Strand Consult urges Caribbean policymakers to close $13-billion broadband investment gap
A new report from global research firm Strand Consult is calling for urgent action from Caribbean policymakers to close a broadband investment gap of US$8 billion to US$13 billion, which threatens to derail the region’s digital future.
The report, titled: ‘Gigabit Caribbean: Closing the Investment Gap in Fixed and Mobile Networks’, argues that unless major reforms are enacted, the Caribbean risks being left behind as the digital world continues to evolve.
At the heart of the issue lies Big Tech’s unchecked dominance. It notes that tech giants such as Google, Meta, and Netflix are generating billions in revenue from the Caribbean each year, yet contributing little to the infrastructure that supports their business.

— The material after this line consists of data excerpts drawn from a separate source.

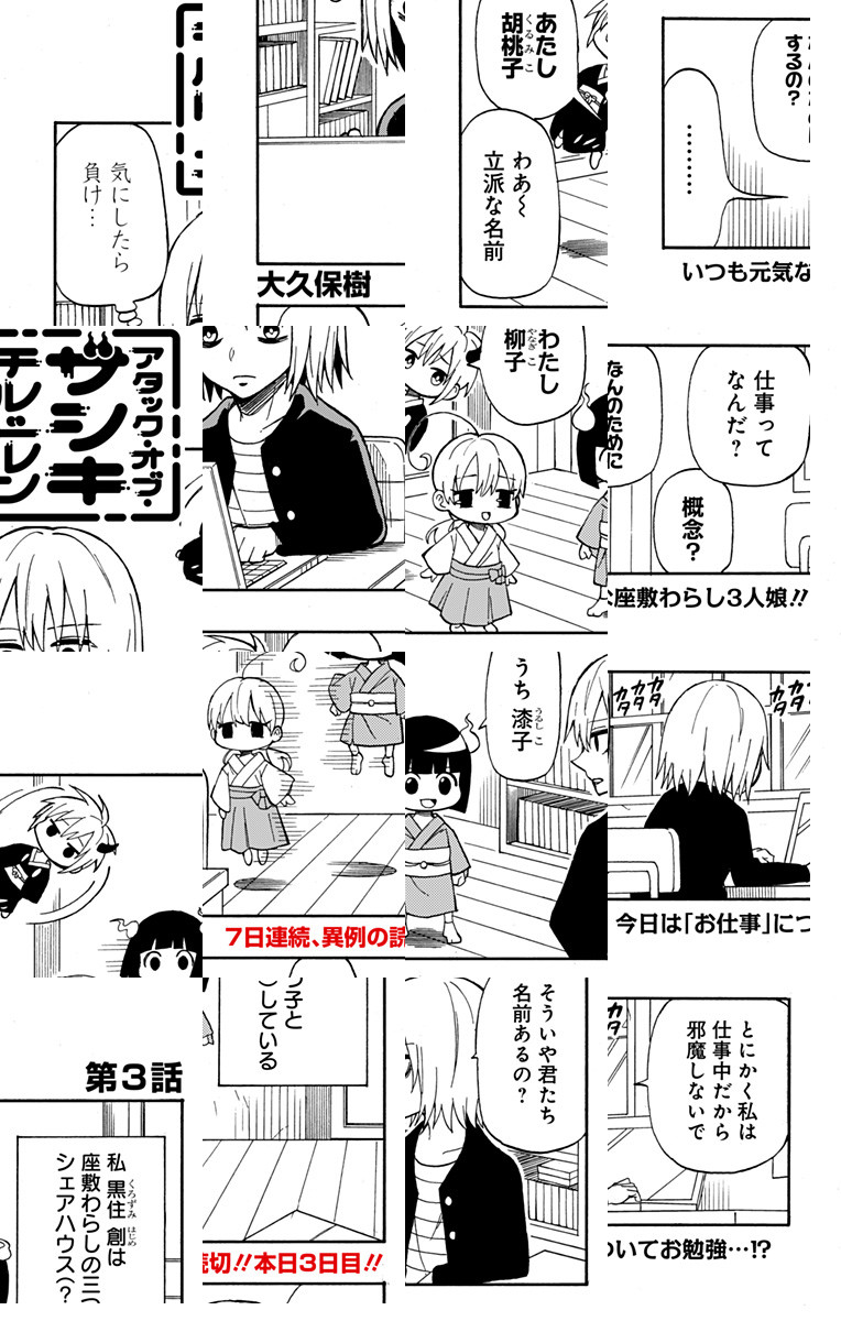 作家の黒住は幽霊屋敷と噂の家に引っ越す事になったのだが、そこには取り憑いた家に幸福をもたらす“座敷わらし”が住み着いており…!?可愛いようでけっこう過激!?座敷わらし三姉妹と幸薄作家とのゆるカワ日常コメディ、異例の7日連続配信!!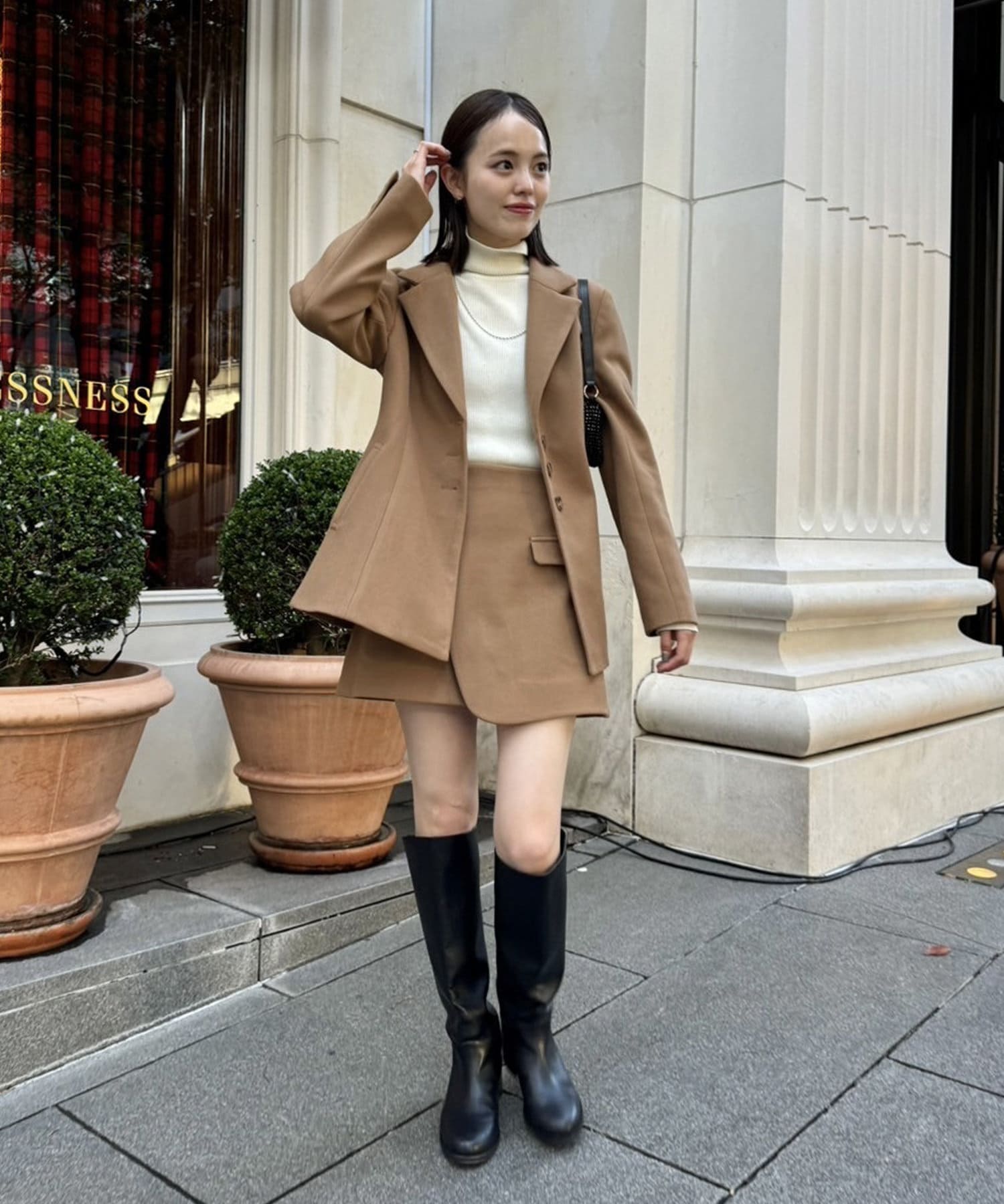 ・ニットにロングブーツ合わせでトレンドライクなコーデが完成します!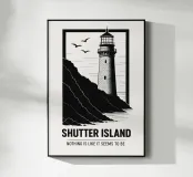 Stampa Shutter Island, Poster cinematografico alternativo, Bianco e nero, Minimalista, Faro, Reparto psichiatrico, Ospedale psichiatrico, Regalo per i fan del cinema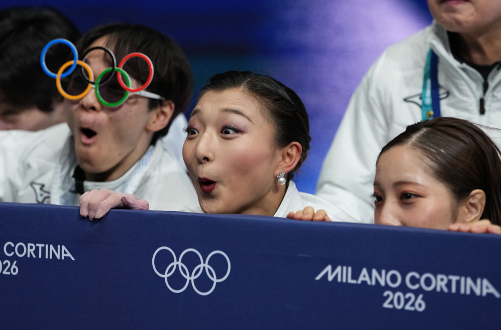 2月8日,日本队选手坂本花织(中)在花样滑冰项目团体赛后等待成绩。新华社记者 薛宇舸 摄
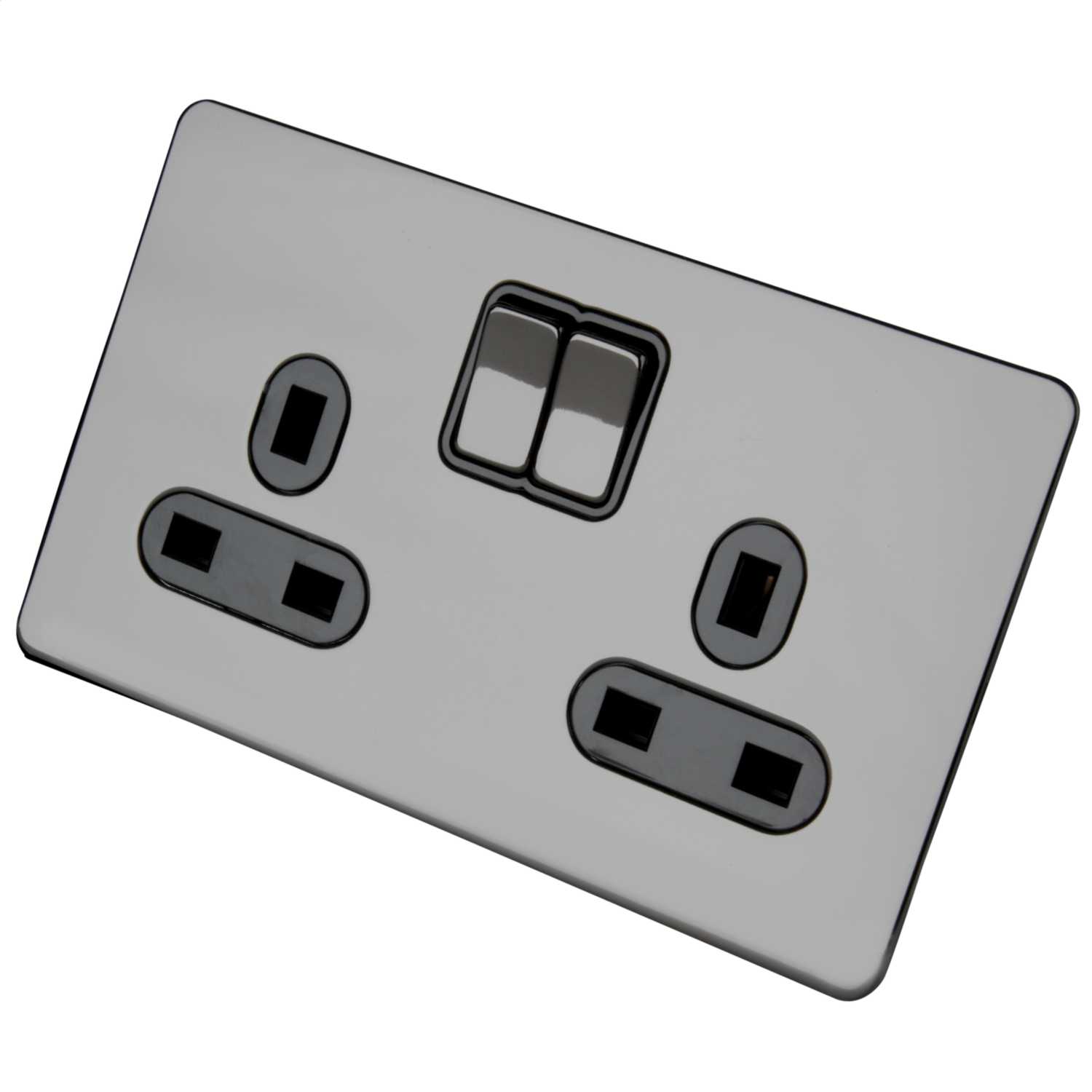 Schneider GET Ultimate 13A 2 Gang Screwless Switched Socket Black Insert Black Nickel (GU3420BBN) | CEF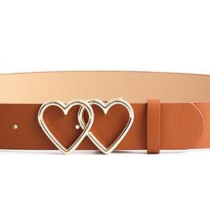 Belt Vegan Leather Camel Tan NEW 27"-35" Gold Tone Double Heart Total 40"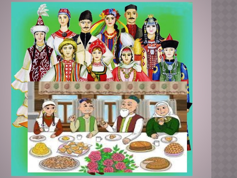 народными национальными костюмами, национальными блюдами, героями, музыкальными инструментами.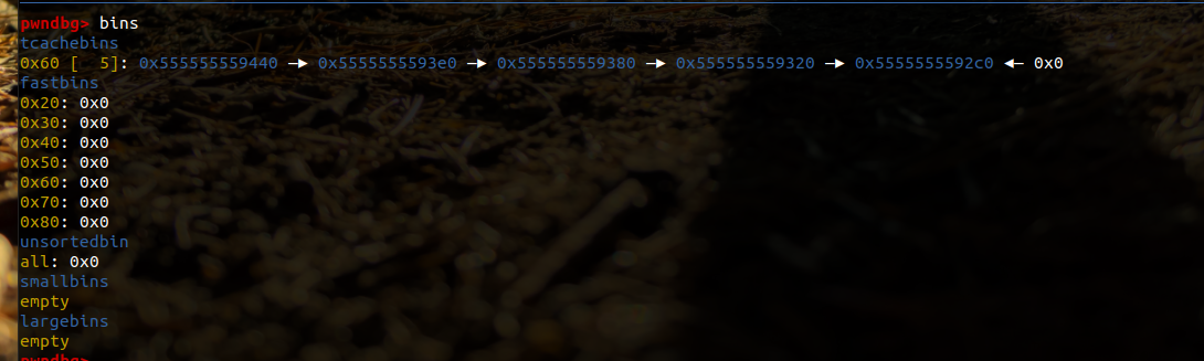 - 选定一个 n = size,释放五个大小为 n 的堆块进入到 tcache bin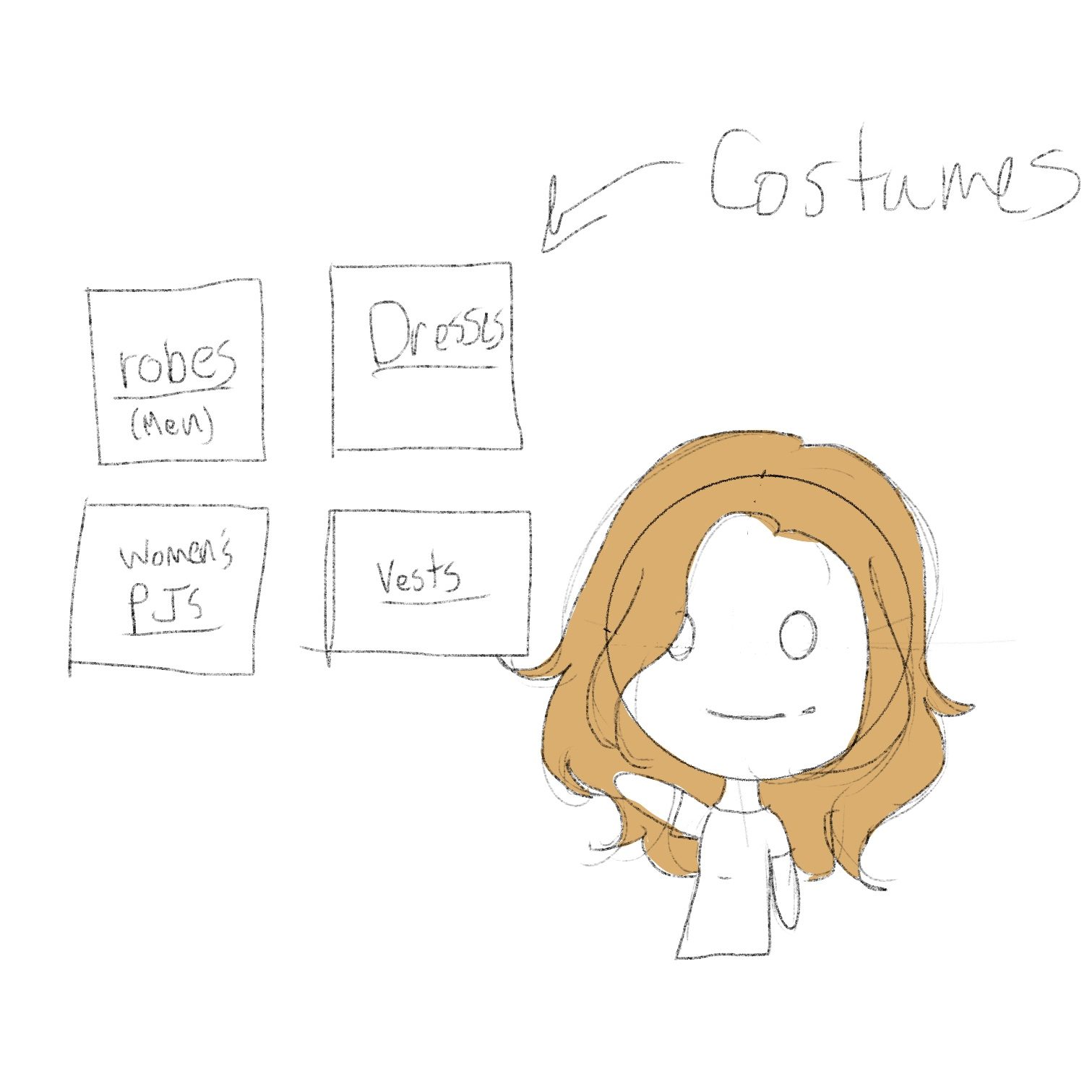 Unfortunately, I only took one photo during production hours because I was busy working and couldn’t have my phone out. So enjoy these sketches I drew to recreate some of what I did!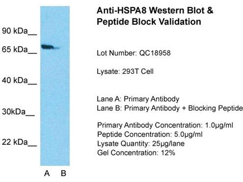 - This is a rabbit polyclonal antibody against HSPA8. It was validated on Western Blot using a cell lysate as a positive control.

The report has termed the imbalance as “digital colonialism”, and echoes mounting frustration from Caribbean telecoms like Digicel and Flow which typically reinvests nearly 18 per cent of their revenue into network maintenance in addition to paying regulatory fees, taxes, and salaries. Meanwhile, major tech companies are said to extract US$11.5 billion annually from the region without paying into the system.
Strand Consult’s report underscores the need for new market-driven cost recovery models. It stresses that rather than relying on subsidies or ineffective universal service funds, policymakers must engage in “good-faith negotiations” with Big Tech, ensuring that the largest users of regional networks pay a fair share of the infrastructure costs they generate.
“The Caribbean represents a salient example of Big Tech’s free riding in which it can extract some US$12 billion annually without paying any tax, registration, salary, or usage fee. Big Tech has short arms and deep pockets; Caribbean policymakers should take action to secure the digital future of the region,” the report warns.
It added that the financial strain on local telecom providers is mounting. The costs of handling video-heavy Internet traffic — fuelled by global streaming services — are growing faster than revenue. That’s compounded by rising operational costs, which are hindering the telecoms’ ability to expand and maintain networks. The report estimates that 15 million people across the Caribbean still lack access to even basic Internet services, which only deepens the region’s digital divide.
In response, Strand Consult urges a shift from outdated business models, which were not designed to handle the demands of modern data usage. It calls for an equitable system where Big Tech players contribute proportionally to the costs of broadband infrastructure.
“Without equitable cost-sharing,” the report states, “telecom operators will continue to struggle to fund the infrastructure that is critical to the region’s digital future.”
This isn’t the first time the Caribbean has sought a solution. In 2015, Digicel, led by then chairman Denis O’Brien, took a bold step by blocking advertisements from Google and Facebook on its networks, a move that brought attention to the growing frustration with Big Tech’s reliance on local infrastructure without financial contribution. However, the action was short-lived due to regulatory pushback, including concerns over potential violations of net neutrality.
More recently, telecom operators have shifted from unilateral action to collaborative dialogue. In 2023, the Caribbean Telecommunications Union (CTU) facilitated high-level discussions between regional telecom providers and Big Tech, including Google, Meta, and Netflix. The aim was to explore solutions to offset the rising operational costs driven by over-the-top (OTT) traffic.
The report notes that telecom operators in Jamaica and Trinidad and Tobago, the region’s largest markets, face the heaviest costs, spending between $34 million and $73 million annually to accommodate the growing data demands. These costs, combined with slim profit margins, make it increasingly difficult for local providers to fund the necessary infrastructure improvements that would ensure equitable digital access across the Caribbean, the report states.
Telecom operators like Digicel and Flow have long stressed the importance of equitable cost-sharing, warning that without it, their ability to maintain and expand broadband services will be compromised.